Reports show the recent outbreak of Salmonella in Queensland is caused by backyard chickens. This time the Backyard Chickens Salmonella Australia outbreak happened to be Salmonella Typhimurium. A more common strain than last year’s rare Salmonella Enteritidis derived from infected eggs.
The 2020 summer came with 17 cases of Salmonella, 13 of which were children under the age of 11, according to the CDC. Diagnostics show the contamination is likely caused by baby chickens purchased from pet and produce stores across the state. Patrons became sick after the handling of these chicks and from direct contact with their provided habitat.
While the investigation into the stores harboring the infected chicks is ongoing, there’s a lot to understand about the dangers of petting farm animals. Trust me, I understand the appeal of these adorable little fluff balls with chirps that make your heart sing. I am, however, not interested in becoming infected with Salmonella.
So, How Do You Get the Best of Both Worlds?
Easy, the answer is proper hygiene.
I’m clearly not suggesting you can’t enjoy the time with these soft little puffs of cute. I wouldn’t try to stop you. Most likely, I’d join and be willing to battle for a place in line. However, there’s still procedures that are not difficult to follow and will keep you safe after your petting zoo ventures are finished.
If I were to ask you what the simplest action is to prevent contamination, could you answer? I bet you can. Let me lead you there to see if you will get it before I tell you.
Clue #1: Hopefully, you do this all the time in your normal life practices.
Clue #2: It’s likely required for employees to do periodically in order to keep patrons safe.
The final clue: There’s a right way, and a lazy way.
That’s right. You’ve got it.
Just Wash Your Hands
After handling animals, use soap and running water to remove contaminates before you touch your face. You should do this if you have contact with the animal enclosures, as well.

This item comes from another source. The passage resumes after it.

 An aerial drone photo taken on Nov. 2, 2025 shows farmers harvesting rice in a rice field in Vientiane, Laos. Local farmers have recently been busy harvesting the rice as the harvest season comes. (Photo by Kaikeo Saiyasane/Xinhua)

I know it’s difficult not to brush your cheek up against the cheery feathers, but let’s keep animal feces away from your face. What do you say? Good, we’re in agreement on that. This is also something to be aware of if you handle fresh eggs. Clean those hands, my friends. While we’re on the subject of egg, let’s talk about that.

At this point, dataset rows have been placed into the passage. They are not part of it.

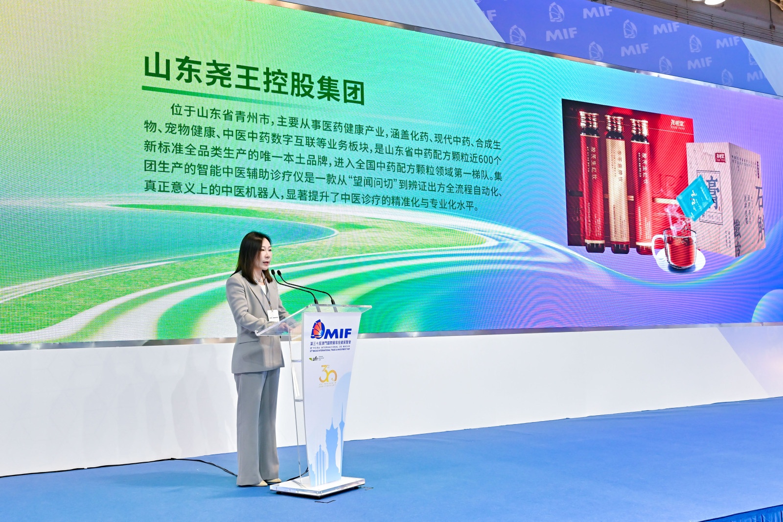 山东尧王控股集团有限公司总裁宗剑飞进行中医药产品推介。
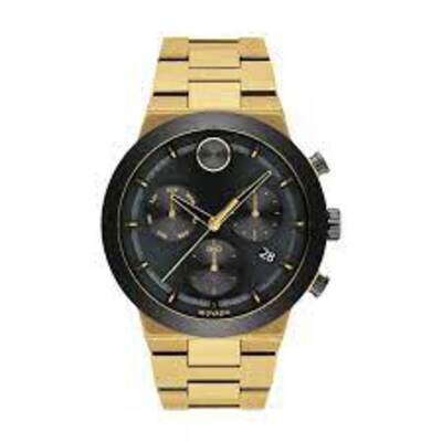 Yellow gold-tone stainless steel case and bracelet. Fixed black ceramic bezel. Black dial with yellow gold-tone hands and index hour markers. Minute markers around the outer rim. The Movado dot appears at the 12 o'clock position. Dial Type: Analog. Date display at the 4 o'clock position. Quartz movement. Scratch resistant K1 mineral crystal. Pull / push crown. Solid case back. Round case shape. Case size: 44 mm. Deployment clasp with a push button release. Water resistant at 30 meters / 100 feet. Functions: chronograph, date, hour, minute, second. Bold Fusion Series. Sport watch style. Watch label: Swiss Made. Movado Bold Fusion Chronograph Quartz Black Dial Mens Watch 3600731.
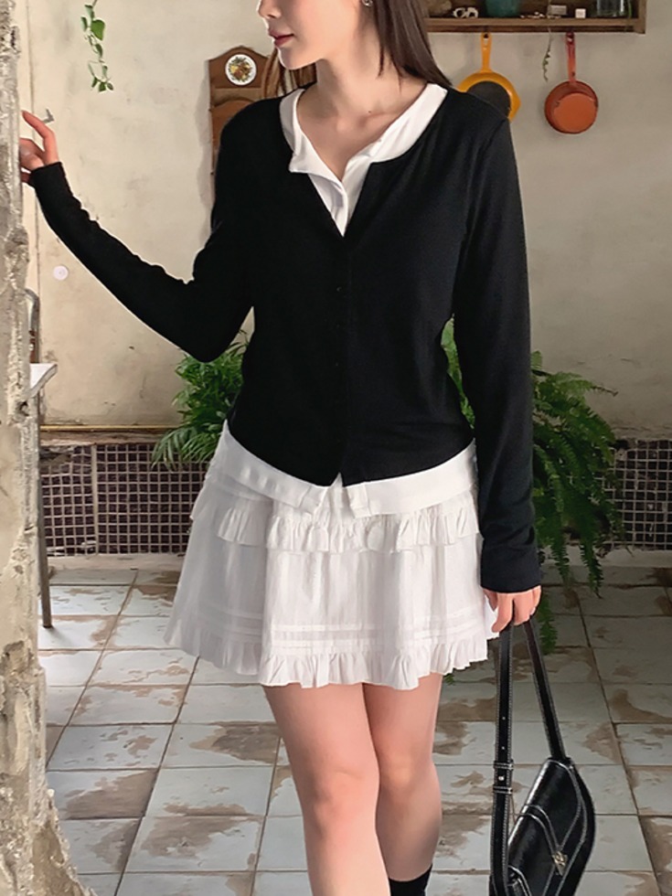 [레귤러핏/트렌디템] [44-120] 레니오드 스판 배색 레이어드 가디건 ( 봄-가을-신상-데일리룩-데이트룩-캠퍼스룩-빅사이즈-120사이즈-자체제작-신축성-긴팔-트렌디 )
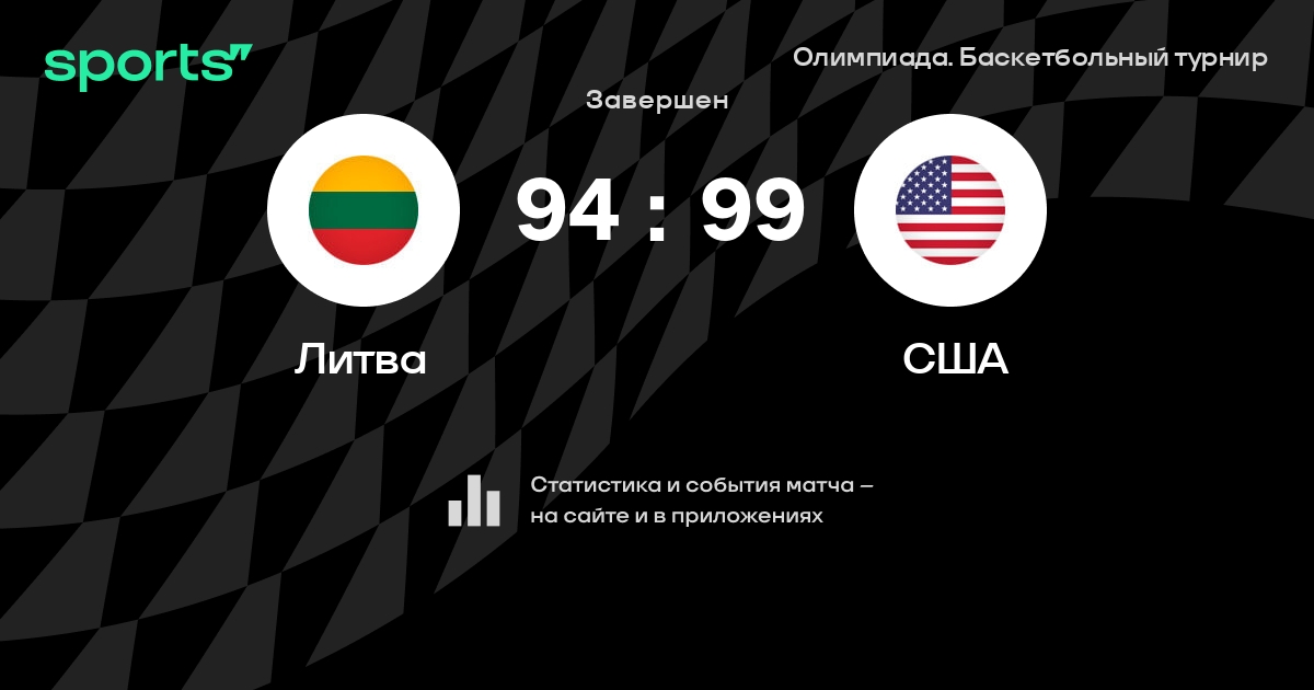 В прошедшем матче в рамках турнира Олимпиада. Баскетбольный турнир (Группа A) состоялась встреча команд Литва - США в городе Лондон (Англия) на стадионе Баскетбольная Олимпийская Арена (вместимость - 12000)

How Do You Know If an Egg Is Still Good to Eat?
- Eggs should be thrown out if they are heavily soiled.
- A powdery substance, or a slime, on the shell means it’s time for the trash.
- If it smells rotten when cracked, don’t eat it.

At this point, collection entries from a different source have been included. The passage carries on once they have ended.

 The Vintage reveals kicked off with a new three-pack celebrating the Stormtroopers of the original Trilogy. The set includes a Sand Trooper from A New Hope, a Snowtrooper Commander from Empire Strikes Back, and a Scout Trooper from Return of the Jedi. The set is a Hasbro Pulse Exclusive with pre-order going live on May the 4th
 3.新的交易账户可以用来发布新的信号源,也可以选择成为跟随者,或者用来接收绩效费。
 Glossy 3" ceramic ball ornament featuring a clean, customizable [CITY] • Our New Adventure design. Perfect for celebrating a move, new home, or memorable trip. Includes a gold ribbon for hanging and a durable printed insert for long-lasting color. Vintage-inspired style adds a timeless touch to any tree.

- A cracked shell is a bad egg.
- For store bought, pay attention to the handy expiration or pack dates.
Anyway, let’s get off the eggs and back to the chickens. I mean, they did come first… At least in this article.
Oftentimes, people purchase baby chickens to raise at home for a fun adventure. I’m not saying that’s a good idea or a bad one. I am thinking that it should not be an impulse buy. No animals should be brought home on the spur of the moment. Have some patience and do the research.
First, you need to look at where your chicks will be raised if you’re considering bringing them home. Will they have the option to roam? Does that option include the run of your house? If it does, that’s a bad idea. It’s not just the chick’s safety that needs to be thought about, but your own. You don’t want feces contaminating where you live. If you happen to touch your face often, like most children do, then its not just your kitchen that you’ll want to keep livestock free and clear of. Anywhere you are likely to occupy in casual living should be a chick-free zone. Really, it should be a farm animal free area all together.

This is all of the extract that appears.